> [Aim of the exercise]: Your output is to hold only the lines from the one showing "The beauty of" through the end of the listing, exactly, with every picture excluded.

> [Stored data]:
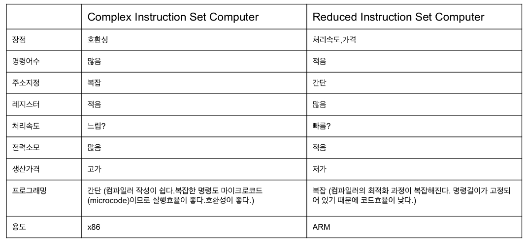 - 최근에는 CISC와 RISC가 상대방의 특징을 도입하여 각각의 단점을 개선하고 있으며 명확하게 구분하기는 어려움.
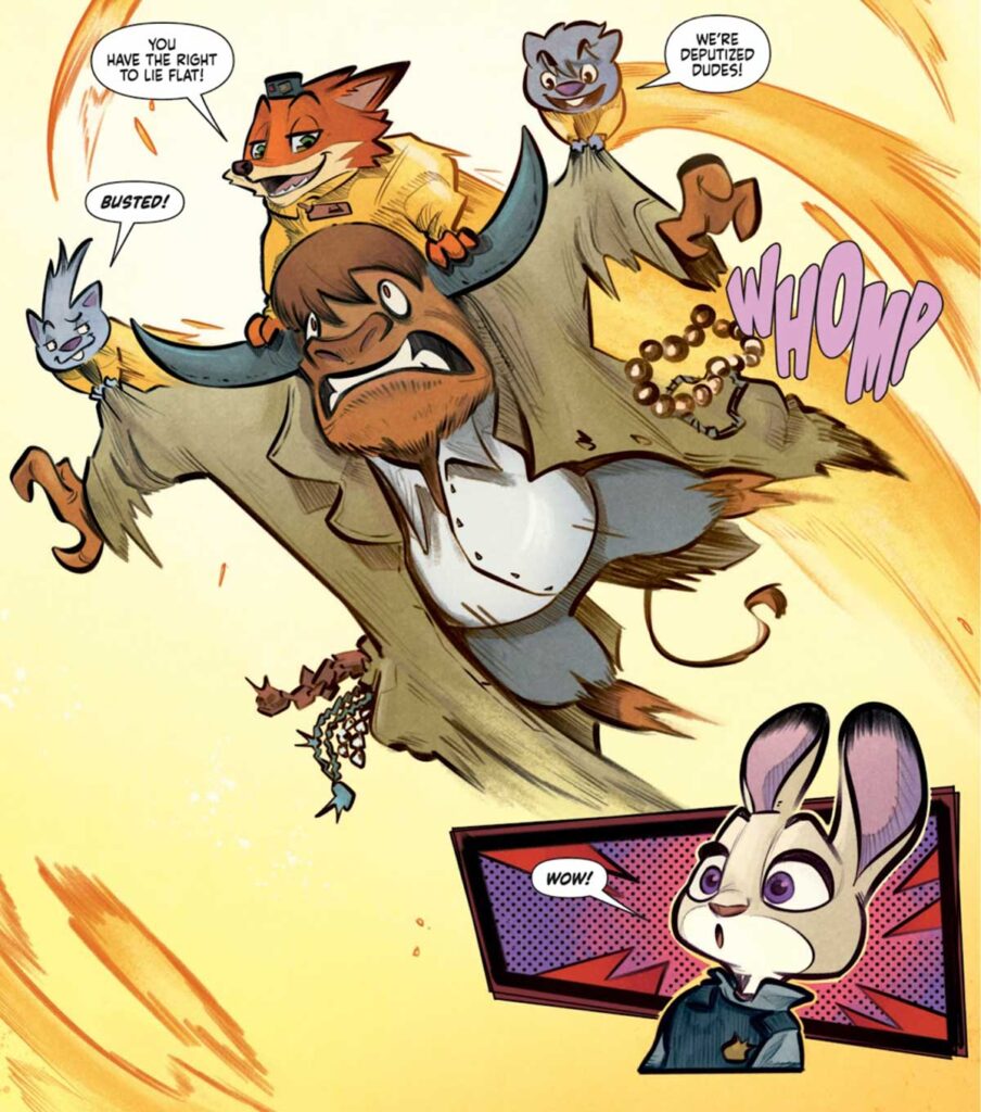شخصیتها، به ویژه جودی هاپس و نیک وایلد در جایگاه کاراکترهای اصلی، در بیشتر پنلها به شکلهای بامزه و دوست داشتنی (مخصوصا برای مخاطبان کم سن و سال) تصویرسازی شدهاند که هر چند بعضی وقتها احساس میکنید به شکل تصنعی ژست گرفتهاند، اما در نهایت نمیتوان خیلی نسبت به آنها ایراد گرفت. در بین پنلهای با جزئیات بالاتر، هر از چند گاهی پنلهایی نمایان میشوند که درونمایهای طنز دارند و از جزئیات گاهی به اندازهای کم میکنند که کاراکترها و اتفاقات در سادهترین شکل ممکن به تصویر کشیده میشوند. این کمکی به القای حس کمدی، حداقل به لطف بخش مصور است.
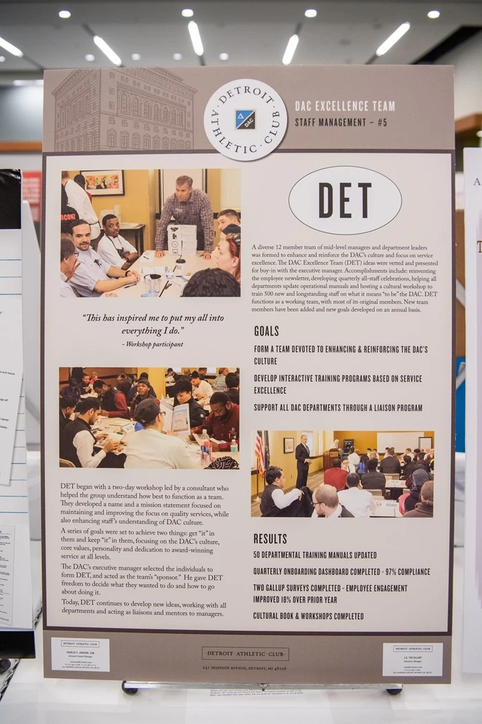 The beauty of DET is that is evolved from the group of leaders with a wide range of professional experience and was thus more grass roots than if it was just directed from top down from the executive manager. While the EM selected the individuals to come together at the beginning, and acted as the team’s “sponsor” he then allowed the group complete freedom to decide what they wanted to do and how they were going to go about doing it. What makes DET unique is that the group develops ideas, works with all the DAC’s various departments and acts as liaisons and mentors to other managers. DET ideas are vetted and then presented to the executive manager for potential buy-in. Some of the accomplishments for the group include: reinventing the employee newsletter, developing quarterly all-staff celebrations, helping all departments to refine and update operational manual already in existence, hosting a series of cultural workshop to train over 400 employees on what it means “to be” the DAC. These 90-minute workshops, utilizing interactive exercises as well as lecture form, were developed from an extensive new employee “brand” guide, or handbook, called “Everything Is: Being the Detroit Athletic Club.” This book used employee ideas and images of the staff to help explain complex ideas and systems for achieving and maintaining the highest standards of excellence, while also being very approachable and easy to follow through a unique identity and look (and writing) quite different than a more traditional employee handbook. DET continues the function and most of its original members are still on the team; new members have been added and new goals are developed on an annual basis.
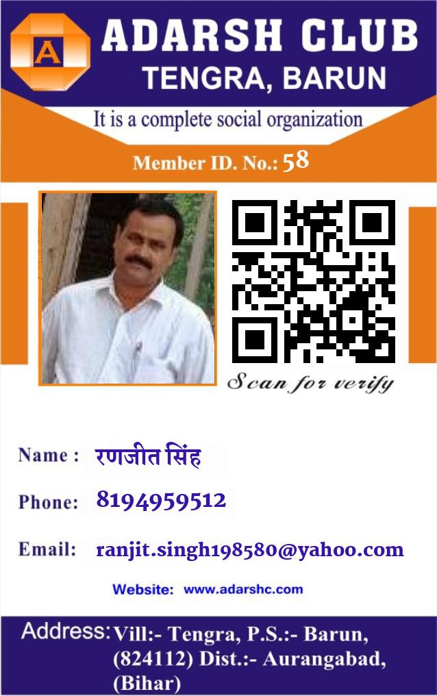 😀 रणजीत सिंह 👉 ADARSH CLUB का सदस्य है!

> [Response box]:
 The beauty of DET is that is evolved from the group of leaders with a wide range of professional experience and was thus more grass roots than if it was just directed from top down from the executive manager. While the EM selected the individuals to come together at the beginning, and acted as the team’s “sponsor” he then allowed the group complete freedom to decide what they wanted to do and how they were going to go about doing it. What makes DET unique is that the group develops ideas, works with all the DAC’s various departments and acts as liaisons and mentors to other managers. DET ideas are vetted and then presented to the executive manager for potential buy-in. Some of the accomplishments for the group include: reinventing the employee newsletter, developing quarterly all-staff celebrations, helping all departments to refine and update operational manual already in existence, hosting a series of cultural workshop to train over 400 employees on what it means “to be” the DAC. These 90-minute workshops, utilizing interactive exercises as well as lecture form, were developed from an extensive new employee “brand” guide, or handbook, called “Everything Is: Being the Detroit Athletic Club.” This book used employee ideas and images of the staff to help explain complex ideas and systems for achieving and maintaining the highest standards of excellence, while also being very approachable and easy to follow through a unique identity and look (and writing) quite different than a more traditional employee handbook. DET continues the function and most of its original members are still on the team; new members have been added and new goals are developed on an annual basis.
 😀 रणजीत सिंह 👉 ADARSH CLUB का सदस्य है!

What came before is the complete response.